Nominally, 2% of 131 kWh =~ 2.6 kWh.

ChargePoint delivered 4.7 kWh of energy, according to the ChargePoint app (and this agrees with the simple math of 27 minutes at 10.5 kW = 4.7 kWh of energy).

If these are both true, then the transfer from the EVSE to the battery was about 55% efficient, which indicates around a 45% loss to something.

Typical conversion+line losses on 240 Volt, 48A service is closer to 5% to 10%, maybe 15%, but certainly not as high as 45%.

My weather station indicates it got down to around 0 ÂşC last night.

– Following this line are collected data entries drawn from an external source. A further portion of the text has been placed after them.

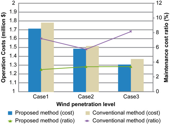In Figure 2, the performance of the proposed method is illustrated with different wind penetration levels in the power system. The maintenance cost ratio means the ratio of maintenance costs to operating costs. Case 2 is the reference case that we performed previously, whereas Case 1 and Case 3, compared with Case 2, represent 50% less and more wind power generators installed, respectively. In all cases, it is clear that the system operator can expect reduced operating costs if it considers maintenance cost in the UC calculation. Moreover, the portion of the total operating cost occupied by the maintenance cost remains low with the proposed method, even when the installed wind power capacity varies. With the conventional method, it can be seen that the maintenance cost ratio exceeded 8% of the total operating cost under certain conditions, resulting in a greater expense to the system operator.
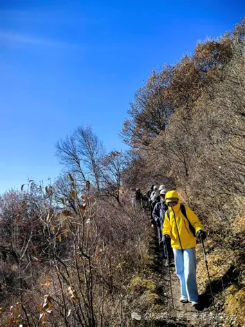 清晨,薄雾微凉,参与活动的校友与家属们准时在北灵山脚下集合。在组织者罗小兵校友简要介绍了路线安排与安全注意事项后,队伍精神抖擞地向着海拔近2000米的北灵山主峰进发。秋日的北灵山,层林尽染,斑斓的色彩泼洒于群山之间,黄栌、枫树、白桦交织出一幅绚丽的油画长卷。清新的空气伴着泥土与草木的芬芳,让大家瞬间忘却了都市的喧嚣,沉浸于登山的乐趣之中。
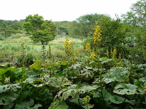 例年になく暑い日が続き、この日も蒸し暑くて大大汗を掻きましたが、登山道は快適な雰囲気です。約1時間で竜神平に到着。広々した草原の雰囲気ですが、本当はミズゴケが生えたきれいな湿原であったが、乾燥化が進んでいるそうです。 |
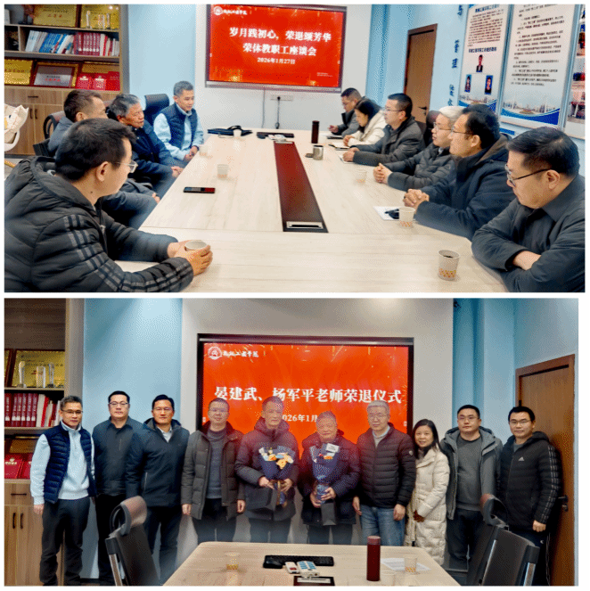 1月27日下午,机械工程学院为晏建武、杨军平两位教授举办了一场简朴而温馨的荣休座谈会。学院全体领导、工会委员与教师代表齐聚一堂,共同致敬两位教授数十载的奉献岁月。
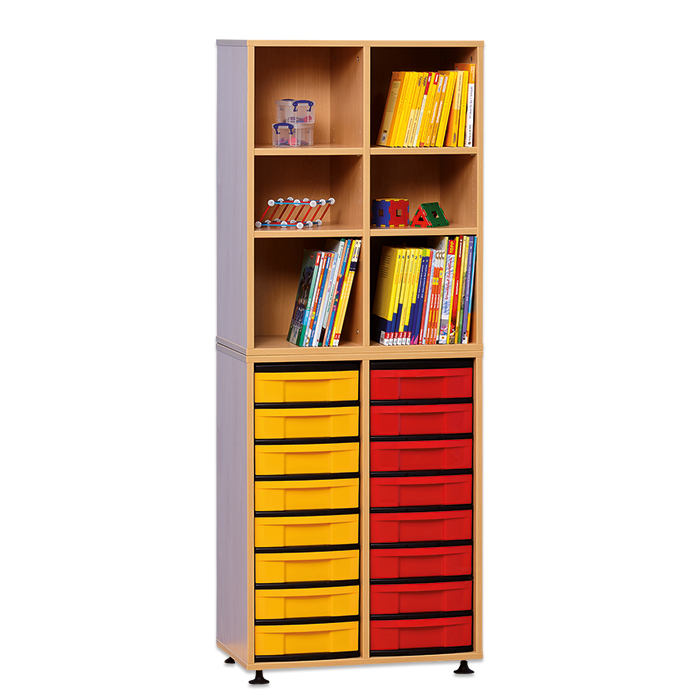 Ob als Klassenregal mit Eigentumsfächern für jeden Schüler, Bücherbord für die Schülerbibliothek oder für alle Materialien im Lehrerzimmer, diese Regale sorgen für Ordnung. Schübe mit Auszugssperre, durch einfaches Zusammendrücken herausnehmbar. Die Regalbretter sind in der Höhe verstellbar. mit 6 Regalfächern
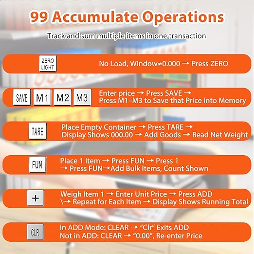 - One-touch Efficiency: The weight scale for food is equipped with intuitive controls, including a one-key lb/kg switch, parts-counting mode and 3 shortcut buttons that store frequently used unit prices for quick access. It also supports up to 99 cumulative transactions, streamlining fast-paced commercial use.
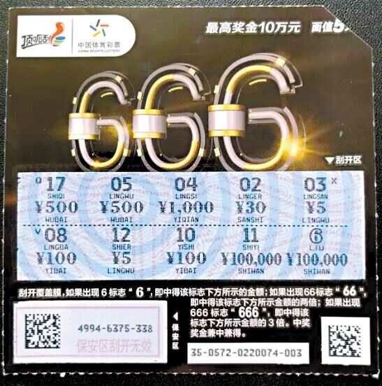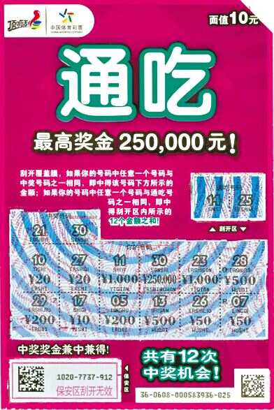 顶呱刮即开票以“即刮买、即开、即兑”的特点一直深受彩民追捧,现正值“体彩顶呱刮1000万元赠票”活动期间,全省即开票销量直线上升,各地也频爆大奖。 ■新快报记者 陆妍思 通讯员 粤体彩 揭阳中出“通吃”25万元大奖 近日,位于揭阳市揭东区月城镇下市公路南22号4420020095体彩实体店传出喜讯,购彩者邱先生(化姓)中得“通吃”一等奖,收获奖金25万元,贡献税收5万元。 邱先生说:“我购买体彩已有七八年了,对‘7星彩’‘超级大乐透’及‘顶呱刮’都有涉猎。平时主要是买大乐透,有时也会买上几张即开票刮一刮,时不时中些小奖,不过没有中过万元以上的大奖。那晚刚好经过体彩店,看到最后几张‘通吃’票,就全部买了,没想中了这么大的奖。” 领取奖金后,邱先生说:“下次还会在这家体彩实体店购彩,希望有一天能在这里再次中得大奖。”而对于奖金的规划,邱先生表示暂时无打算,会先储蓄起来以备不时之需。 汕头中出“666”10万元大奖 日前,汕头市龙湖区衡山路4号的4404030271实体店传来喜讯,该店顶呱刮“666”游戏刮出10万元大奖。中奖次日,幸运儿刘女士(化姓)来到汕头体彩中心领奖,为汕头市贡献税收2万元。 此次中奖票种为5元面值新票种“666”。刘女士透露自己每天下班路过实体店都会买上几注彩票,当晚实体店刚好来了一批新的即开票,种类丰富且摆放整齐,非常有吸引力。在业主的介绍下,刘女士购买了4张票面精美且寓意喜庆的新款即开票“666”。当刮到第三张时,出现了中奖金额“$100,000”,刘女士原以为只中了1000元,经销售员确认后才知道是中了10万元的大奖。 得知中了大奖的刘女士兴奋不已,业主同样很兴奋。业主表示,顶呱刮即开票总是能给购彩者带来惊喜,自己在日常经营中很重视即开票的库存和展示,整齐的摆放不仅赏心悦目,也能引起购彩者的兴趣。 惠州中出“中国红”10万大奖 最近,位于惠州市博罗县湖镇镇商业街42号的4411030827体彩实体店中出体彩顶呱刮“中国红”10万元大奖,为当地贡献税收2万元。 业主透露,中奖者是一位帅气00后小伙子。中奖当晚,小伙在商业街逛街路过体彩店,被店里的即开票展示吸引了目光,就进店购买了“中国红”和“麻辣6”两款即开票。一开始中了很多小奖,当刮到一张中奖号码为“01、13” 的“中国红”即开票,中奖区域 “01”号码下面出现了中奖金额为10万元时,小伙激动得一下子跳了起来,迫不及待地找业主确认。经过业主的核对,确定小伙子中了10万元大奖。 得知中奖,小伙子特别开心:“刮即开票只是为了给生活增添一点乐趣,没想到刮出了惊喜。”他还表示以后会继续支持体彩顶呱刮,支持公益事业。

I think it's reasonable to conclude that the battery was cold enough that the truck warmed it a bit before it started charging.

Unfortunately I did not plug in my OBD-2 logger, so I don't know what the thermal system was really doing.
At 48amp charger at 240v produces 11.5kW at the wall. Your 10.45 is right on with loss. I have a 7% loss.

If you hooked CarScanner up before you started charging, you would not see 131kW x 85% = 111.35. You would see around say 103 or so cold. Then, as the battery warms during charging, more kilowatts are available.

Before a trip last month, I was at 89% and charged to 100% for the trip. 131 x 11% would be 14.4 kW. Charger sent 25.37. With my 7% loss, that's 23.6kW. Where did the 9.2kW go?

Someone way smarter than me on this stuff said:

"When you charge to 100% there is hidden capacity used because that's the only time the charger operates in constant voltage mode. The cells will take a little bit extra charge. So you can't really compare charging to 100% with other times that terminate less than 100%.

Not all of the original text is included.